升温速率对尿素热解制g-C3N4光催化剂构效影响研究
收稿日期: 2021-05-11
网络出版日期: 2022-04-18
基金资助
国家自然科学基金(21978181)
Study on effect of heating rate on structure-activity of g-C3N4 photocatalyst by pyrolysis of urea
Received date: 2021-05-11
Online published: 2022-04-18
尿素热解可制备高附加值下游产品石墨相氮化碳(g-C3N4),热解条件显著影响其光催化性能。以工业级尿素为前驱体,考察了升温速率对产物g-C3N4结构和光催化性能的影响,并用于光催化氧化降解有机染料和光催化还原生产双氧水。结果表明,快速升温(15 ℃/min)所得g-C3N4(GCN-15)结晶度高、无定型结构少、带隙窄、光利用率高、共轭结构完整,利于光生电子传递,因此具有更好的光催化性能。其对罗丹明B(RhB)和亚甲基蓝(MB)光氧化降解速率分别是慢速升温(2 ℃/min)所得g-C3N4(GCN-2)的4倍和2倍,8 h光还原双氧水产量提高18.37%。

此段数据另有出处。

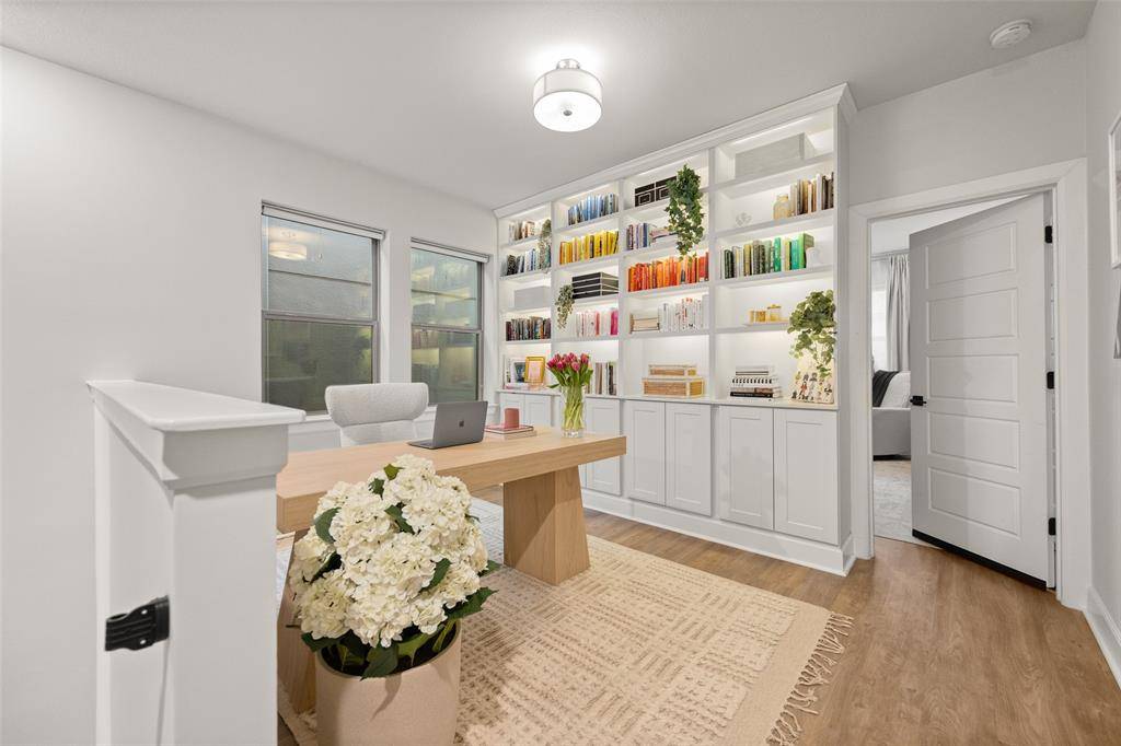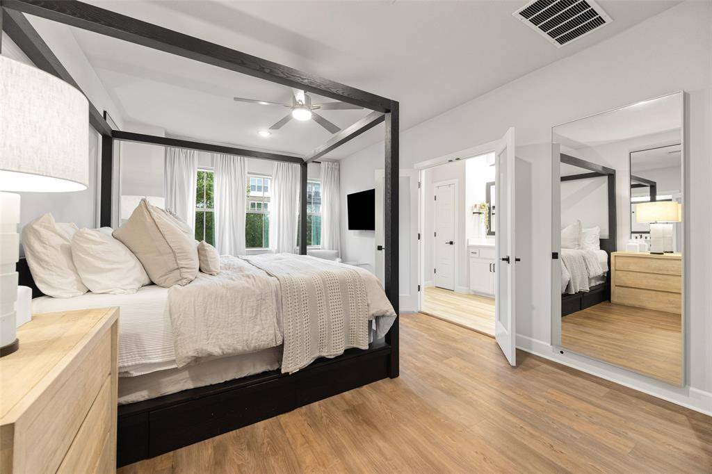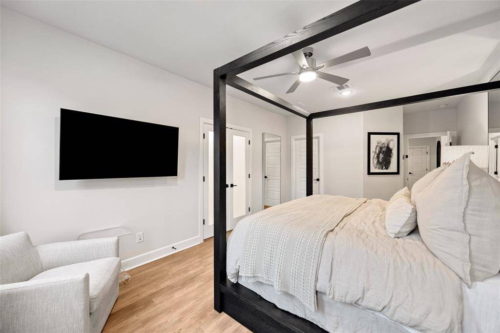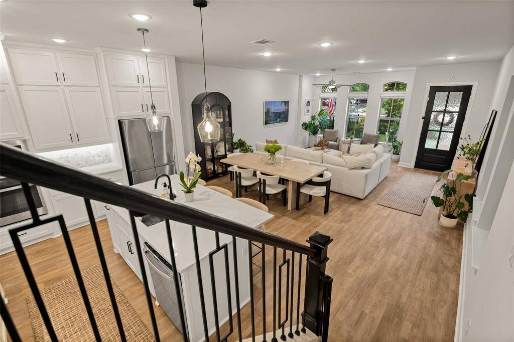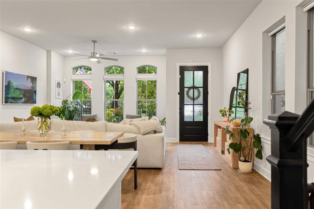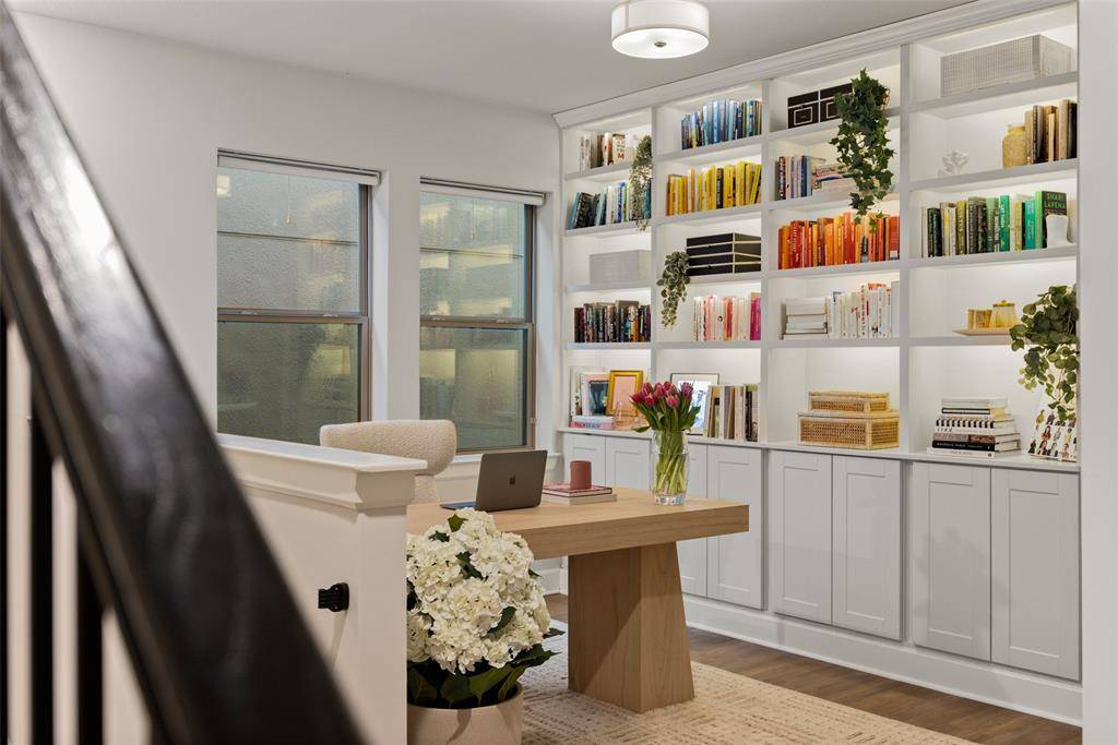 In the Oak Park neighborhood, this 3-bedroom, 3.5-bath single-family home offers a private front yard and a third-floor rooftop deck designed for those who value both quiet mornings and evening views. The main floor is dedicated to an open living room and kitchen area where the Level 4 wall finish and high ceilings create a beautiful, polished backdrop. The kitchen is built for daily use with a large center island with a breakfast bar, quartz countertops and shaker cabinetry. Living in Oak Park means having a home where the layout is intentional, moving naturally from your morning coffee in the gated yard to dinner in the open dining area. The second floor is where the home's organization really shines. At the top of the stairs, the landing is anchored by bonus space, giving you a functional place to work or lounge. The primary suite is a generous retreat on this level, featuring a spa-like ensuite bath and a custom walk-in closet with integrated shelving. A secondary guest room is also located on this floor, complete with its own connected full bath. On the third floor, a large flex space leads directly out to the rooftop deck and patio. This outdoor area is the best spot in the house to catch a breeze over the Oak Park community. A third private bedroom with an ensuite bath is also on this level, making it a great setup for a long-term guest or a media room. To handle the practical side of life, the home includes multiple attic storage spaces built into the floor plan, so you never have to sacrifice living space for extra gear. The Oak Park location keeps you within minutes of the West Highland Park area and the dining corridors of Turtle Creek. Within the community, you can head over to the neighborhood swimming pool or take the dog to one of the two dedicated dog parks. For those who travel or commute, being two miles from Love Field and near the Medical District, Downtown, and the Dallas North Tollway makes the location incredibly efficient.

杨文博 , 吴潘 , 何坚 , 刘长军 , 蒋炜 . 升温速率对尿素热解制g-C3N4光催化剂构效影响研究[J]. 无机盐工业, 2022 , 54(4) : 169 -174 . DOI: 10.19964/j.issn.1006-4990.2021-0310
High value added downstream products graphitic carbon nitride(g-C3N4) can be prepared by pyrolysis of urea,but its photocatalytic performance is significantly affected by pyrolysis conditions.Industrial grade urea was used as precursor,the effect of heating rate on the structure and photocatalytic performance of g-C3N4 was investigated,and g-C3N4 was used for photocatalytic oxidation degradation of organic dyes and photocatalytic reduction to produce H2O2.The results showed that g-C3N4(GCN-15) with rapid heating rate(15 °C/min) had high crystallinity,less amorphous structure,more complete conjugated structure and narrow band gap,which was beneficial to the transfer of photogenerated electrons and the improvement of photocatalytic performance.The photodegradation rates of RhB and MB by GCN-15 were 4 and 2 times higher than those by GCN-2,respectively,and the yield of H2O2 produced in 8 hours was increased by 18.37%.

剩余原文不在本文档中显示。